Bakın neler neler dedi Başbakan Davutoğlu:
“-Malatyalı’yı düşündüğümde aklına ne kadar zorluk olursa olsun aşıp geçme iradesine sahip hiçbir şeyden yılmayan korkmayan, boyun eğmeyen, inandığı yolda kararlı bir şekilde giden bir kültür aklıma geliyor!”

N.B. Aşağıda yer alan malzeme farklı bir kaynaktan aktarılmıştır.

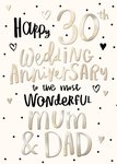 Happy 30th Wedding Anniversary Mum & Dad Typography Card

“-…Malatya daha Hicri 40’lı yıllarda fethedilmiş ashabın ayağının değdiği bir topraktır, tabiinin ayağının değdiği bir topraktır. Bu anlamda sadece Seyyid Battal Gazi açısından değil seyyitlerin toprağıdır bir irfan, hikmet, inanç merkezidir ve o asırlar boyu da Bizans’la İslam arasında el değişmiştir. Dolayısıyla direnmeyi, direnip tekrar kazanmayı bir bilinç olarak kültüre yerleştirmiştir.”
“-Sadrettin Konevi’den, Muhiddini İbn-i Arabi’den gelen bir çizgi, öbür tarafta köklü medrese geleneğinin içinde olduğu ilim geleneğinin Niyazi Mısri’den günümüze kadar gelen ve yakın dönemde de hiç şaşırtıcı bir şey değildir ki bu kimlik siyasette, bilim hayatında tamamıyla özne olma iradesine sahip olan iş hayatında Malatyalıları çıkardı.”
“-Kendimi Malatya’ya özel bir şekilde yakın hissediyorum!”
“-Hamido, Hamido’ydu, bizim gençliğimizde Malatya derken Hamido diye bir yiğit akla gelirdi. Yani hiçbir şekilde bir şey empoze edilemeyecek kadar yürekli, ayakta, kararlı yaptığı, aldığı kararları yürütme iradesine sahip.”
“-Ya da Ahmet Kaya bir sanatçı olarak boyun eğdirilebildi mi, ya da edilgen kılınabildi mi?”
“-Malatyalı’nın temel özelliği tarihi birikiminden gelen hür iradesidir!”
“-Malatya’nın sosyal dokusu iç içe geçmiş son derece sağlam bir doku”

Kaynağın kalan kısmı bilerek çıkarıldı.